Я показал ему сначала объявление миссис Барстоу, затем газетную заметку на первой полосе. Объявление он прочитал очень внимательно, заметку лишь пробежал глазами.
— Интересно, — сказал он. — Весьма интересно. Значит, мистеру Андерсону деньги не нужны, даже если есть возможность запросто получить их. Гм, всего минуту назад я говорил об ответственности. Знаешь, Арчи, о чём я думал сегодня утром, лёжа в постели? Я думал, как ужасно и несправедливо было бы уволить старика Хорстмана и видеть, как эти живые, дышащие, надменные и избалованные прекрасные растения задыхаются без воздуха и чахнут без воды.
— Бог с вами, сэр!
— Да. Но это лишь плод моей мрачной фантазии. Я не способен на такую жестокость. Лучше продать их с аукциона в случае, если я решусь снять с себя всякую ответственность и… вознамерюсь вдруг уехать в свой дом в Египте, в котором ещё ни разу не был. Человек, который подарил его мне более десяти лет назад… В чём дело, Фриц?
— К вам леди, сэр!
— Имя?
— У неё нет при себе визитной карточки.
Вулф милостиво кивнул, и Фриц поспешно скрылся за дверью. Через минуту он уже снова стоял на пороге, поклоном приглашая молодую женщину войти. Я тут же вскочил со стула, и, видимо, поэтому она направилась прямо ко мне, но я кивком головы указал ей на шефа. Взглянув на него, она остановилась.

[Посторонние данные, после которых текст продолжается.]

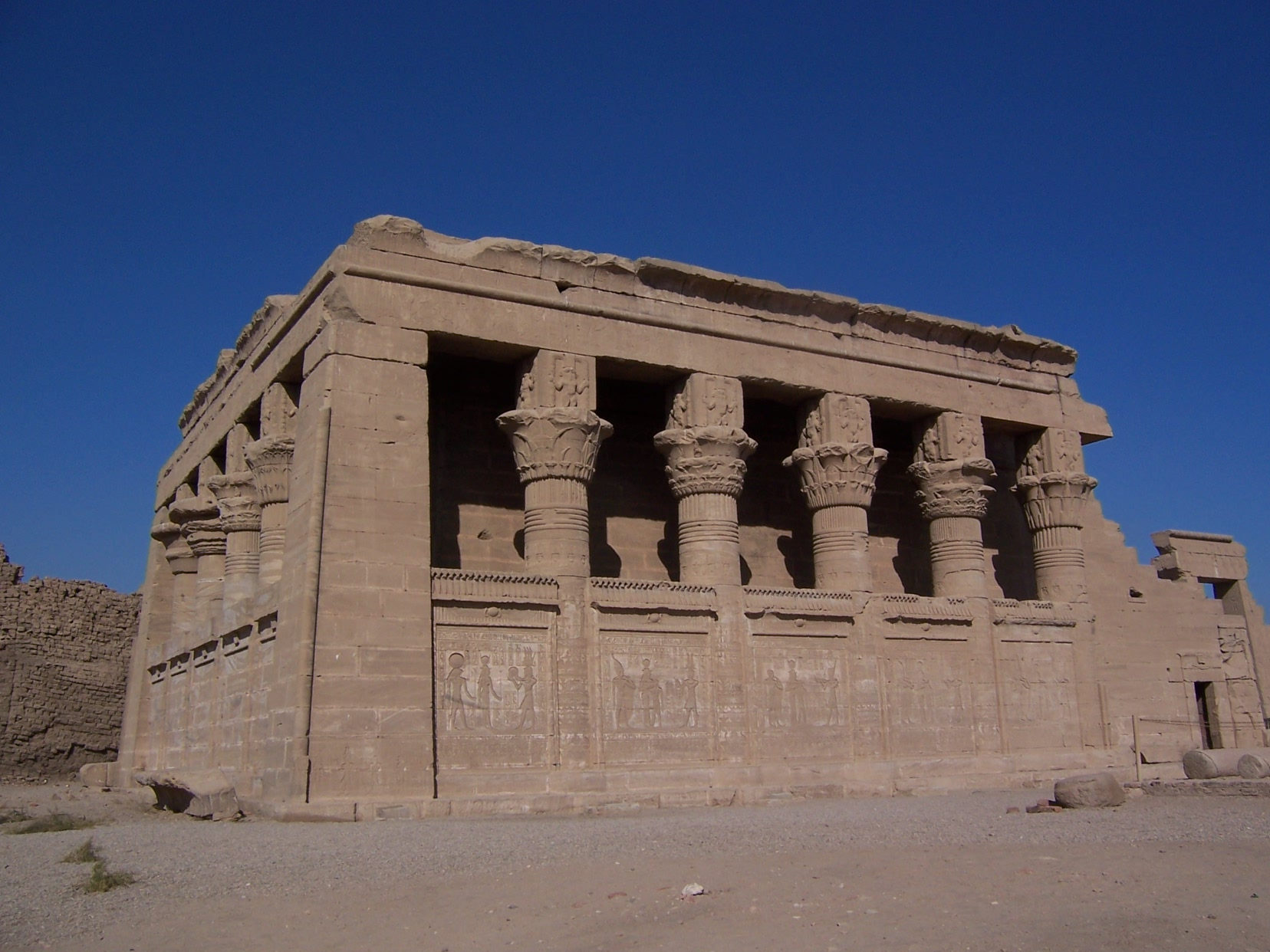 Dendera Hathor Temple Complex location: near Qina, Egypt

— Мистер Ниро Вулф? Я — Сара Барстоу.
— Прошу, садитесь, — пригласил её Вулф. — Примите мои извинения, что приветствую вас сидя. Я встаю лишь в крайних случаях.
— Это и есть крайний случай, сэр, — ответила она.
Глава 7
Из газет я уже многое знал о Саре Барстоу. Ей двадцать пять лет, окончила Смитовский университет, довольно популярна в своём кругу в студенческом городке Холландского университета, где ректором был её отец, и среди курортной элиты округа Вестчестер. Хороша собой, как писали газеты, и на сей раз они не соврали, думал я, глядя, как она усаживалась в кресло, не сводя глаз с Вулфа. На ней было светло-бежевое льняное платье и такое же лёгкое пальто, на голове аккуратная маленькая чёрная шляпка. По её перчаткам я понял, что она сама водит машину. У неё было небольшое, но безукоризненно вылепленное лицо. Зрачки глаз были слегка расширены от волнения, а припухшие веки говорили о том, что она устала и много плакала. Однако бледность лица не была болезненной и не портила её. Голос у неё оказался низкий и глубокий. Она сразу же понравилась мне.
Девушка попыталась было объяснить Вулфу, кто она, но он характерным движением указательного пальца остановил её.